* WHAT YOU HAVE TO DO
What you output must be the exact lines from the first line of the data through the one holding "- Mittelfristige DAX", with no pictures.

BEGIN RECORDS

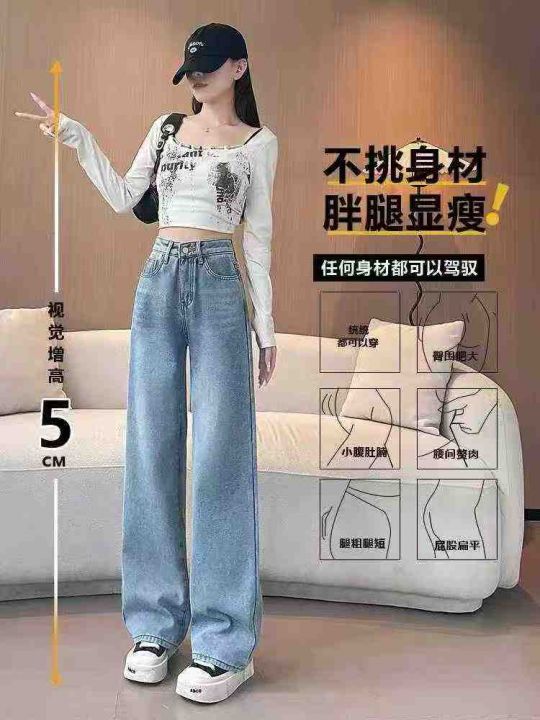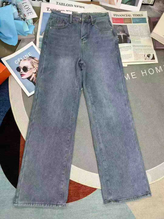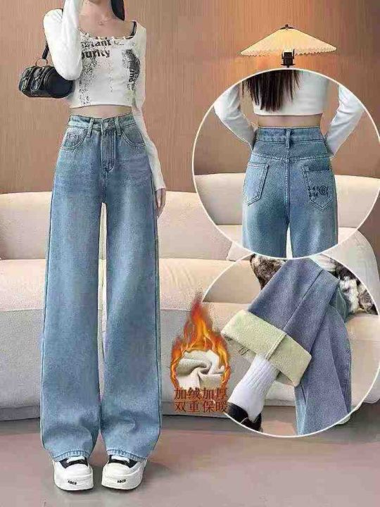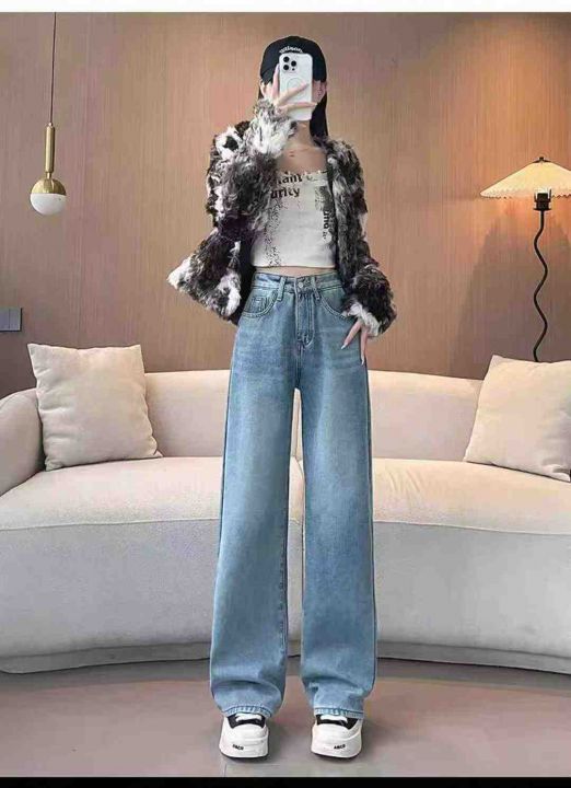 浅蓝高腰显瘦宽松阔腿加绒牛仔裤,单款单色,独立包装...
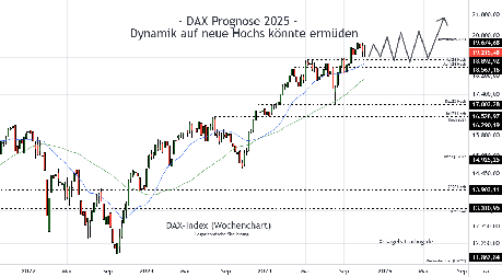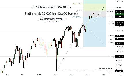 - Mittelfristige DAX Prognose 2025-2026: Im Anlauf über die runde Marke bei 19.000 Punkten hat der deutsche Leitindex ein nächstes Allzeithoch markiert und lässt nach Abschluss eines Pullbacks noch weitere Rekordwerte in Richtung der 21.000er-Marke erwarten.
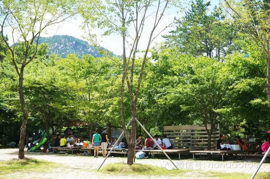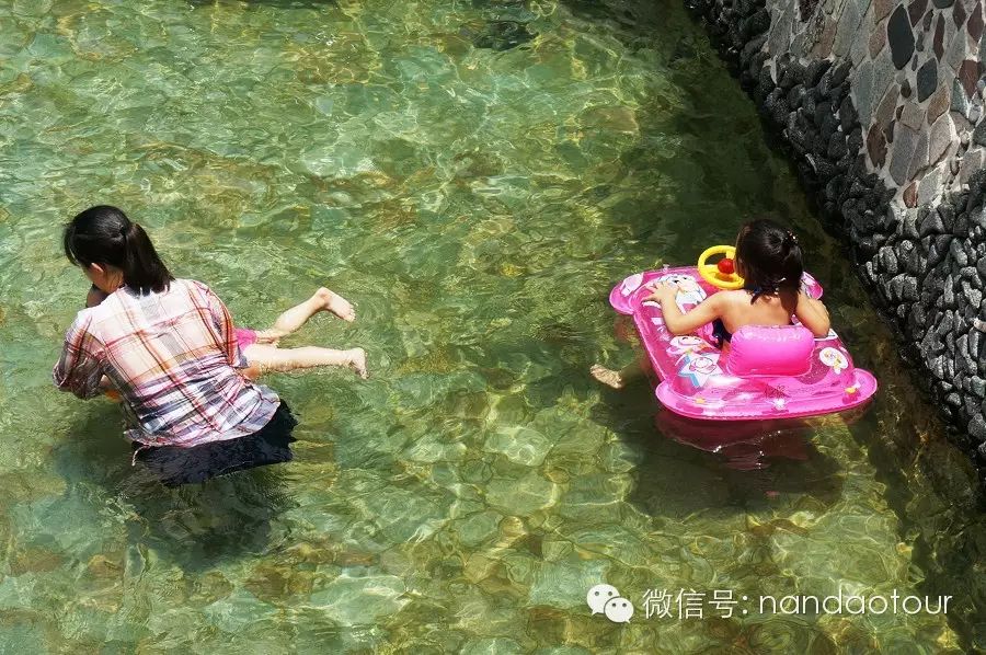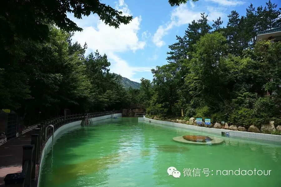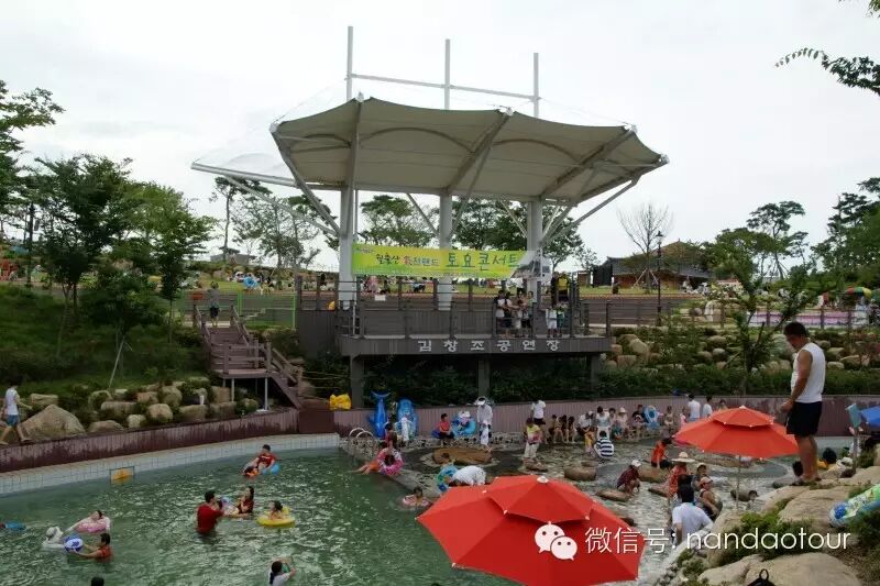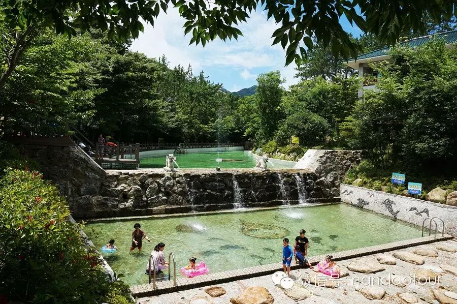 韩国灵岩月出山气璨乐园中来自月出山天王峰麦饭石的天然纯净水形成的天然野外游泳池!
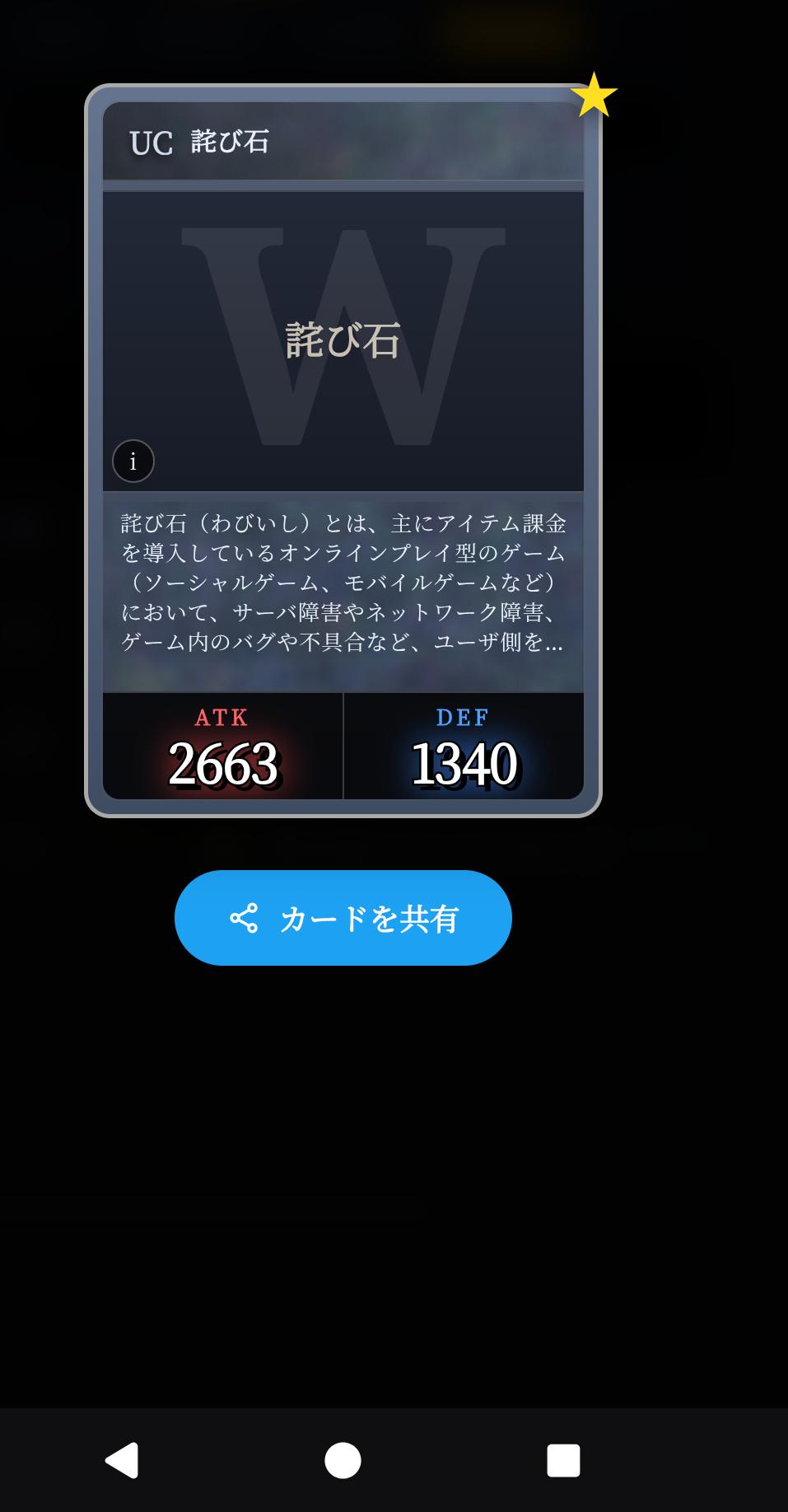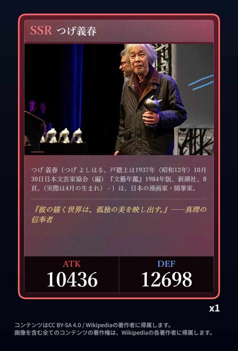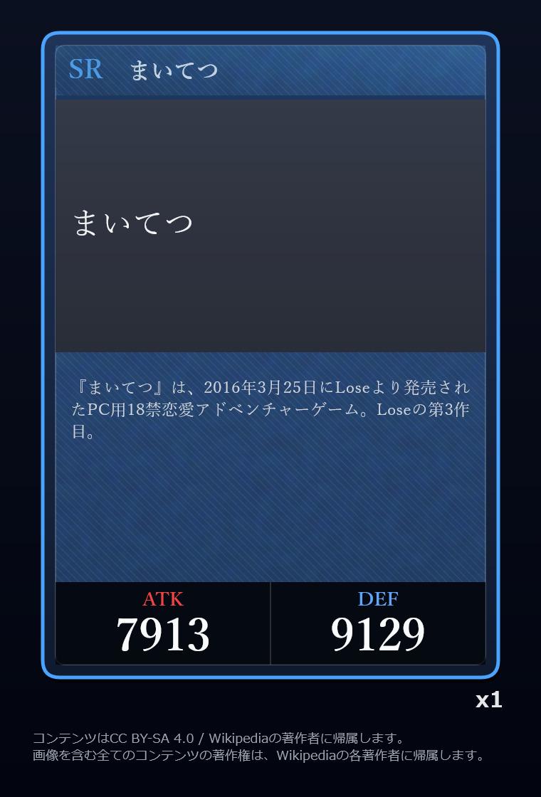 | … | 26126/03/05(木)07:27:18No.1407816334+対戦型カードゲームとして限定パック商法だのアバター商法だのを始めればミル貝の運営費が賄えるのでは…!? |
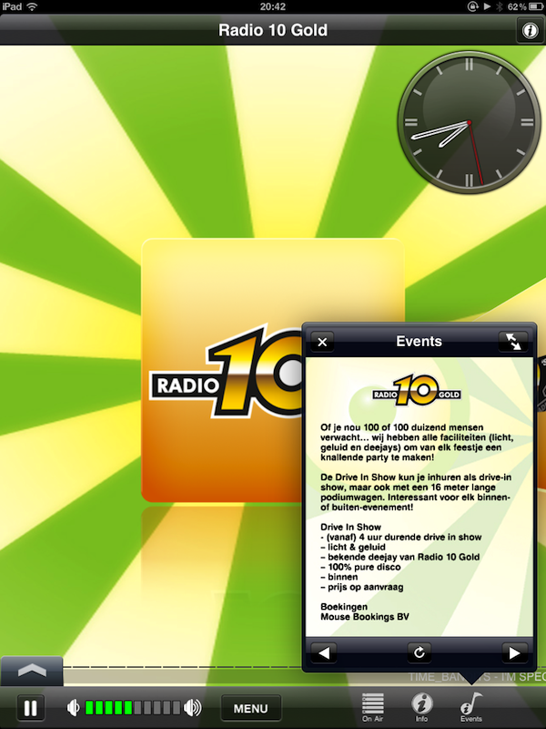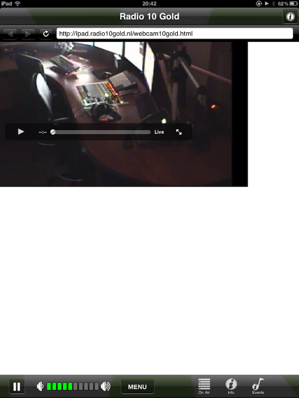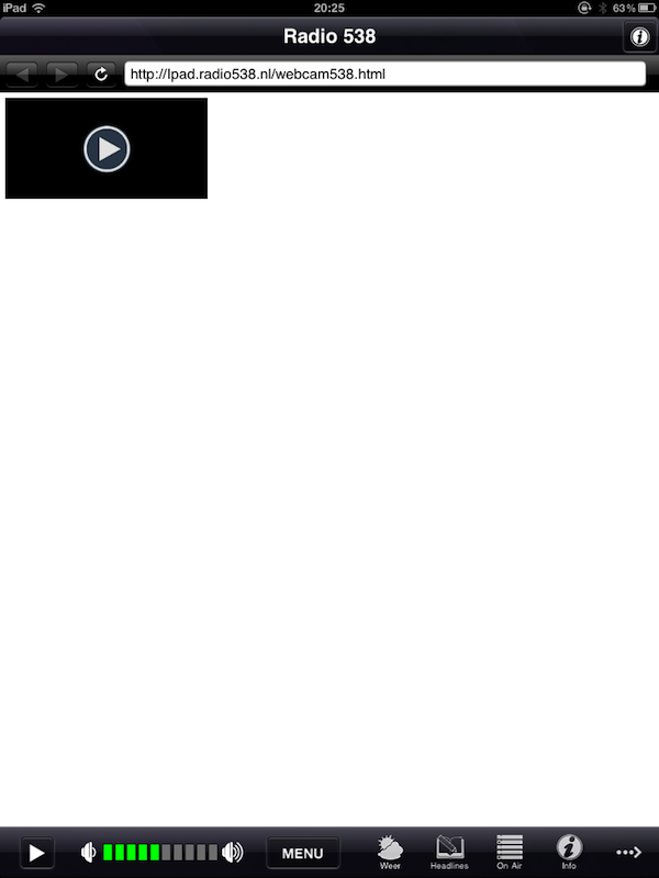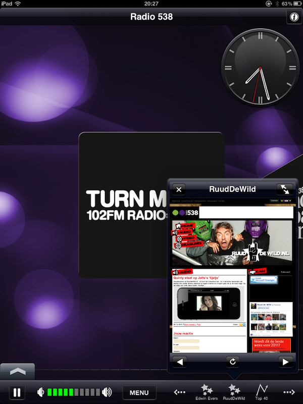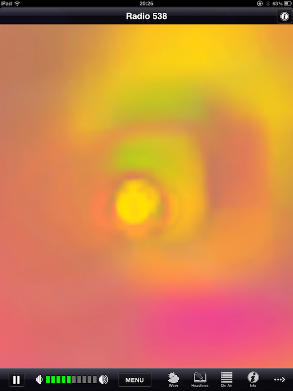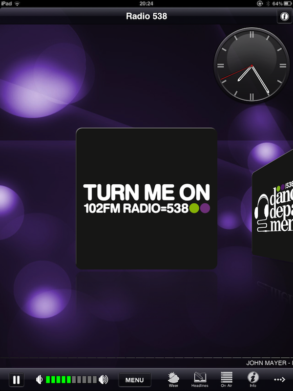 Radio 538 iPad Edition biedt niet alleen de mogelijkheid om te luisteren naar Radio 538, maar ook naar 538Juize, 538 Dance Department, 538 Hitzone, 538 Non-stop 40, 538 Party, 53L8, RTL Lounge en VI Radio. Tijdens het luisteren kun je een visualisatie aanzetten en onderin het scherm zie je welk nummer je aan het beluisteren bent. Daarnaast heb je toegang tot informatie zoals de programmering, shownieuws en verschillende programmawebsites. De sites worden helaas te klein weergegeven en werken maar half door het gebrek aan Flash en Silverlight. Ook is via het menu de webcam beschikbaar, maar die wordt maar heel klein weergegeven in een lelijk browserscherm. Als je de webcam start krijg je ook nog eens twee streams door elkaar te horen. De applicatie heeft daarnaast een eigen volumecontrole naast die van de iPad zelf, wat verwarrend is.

END RECORDS

* RESULT OF THE TASK
 浅蓝高腰显瘦宽松阔腿加绒牛仔裤,单款单色,独立包装...
 - Mittelfristige DAX Prognose 2025-2026: Im Anlauf über die runde Marke bei 19.000 Punkten hat der deutsche Leitindex ein nächstes Allzeithoch markiert und lässt nach Abschluss eines Pullbacks noch weitere Rekordwerte in Richtung der 21.000er-Marke erwarten.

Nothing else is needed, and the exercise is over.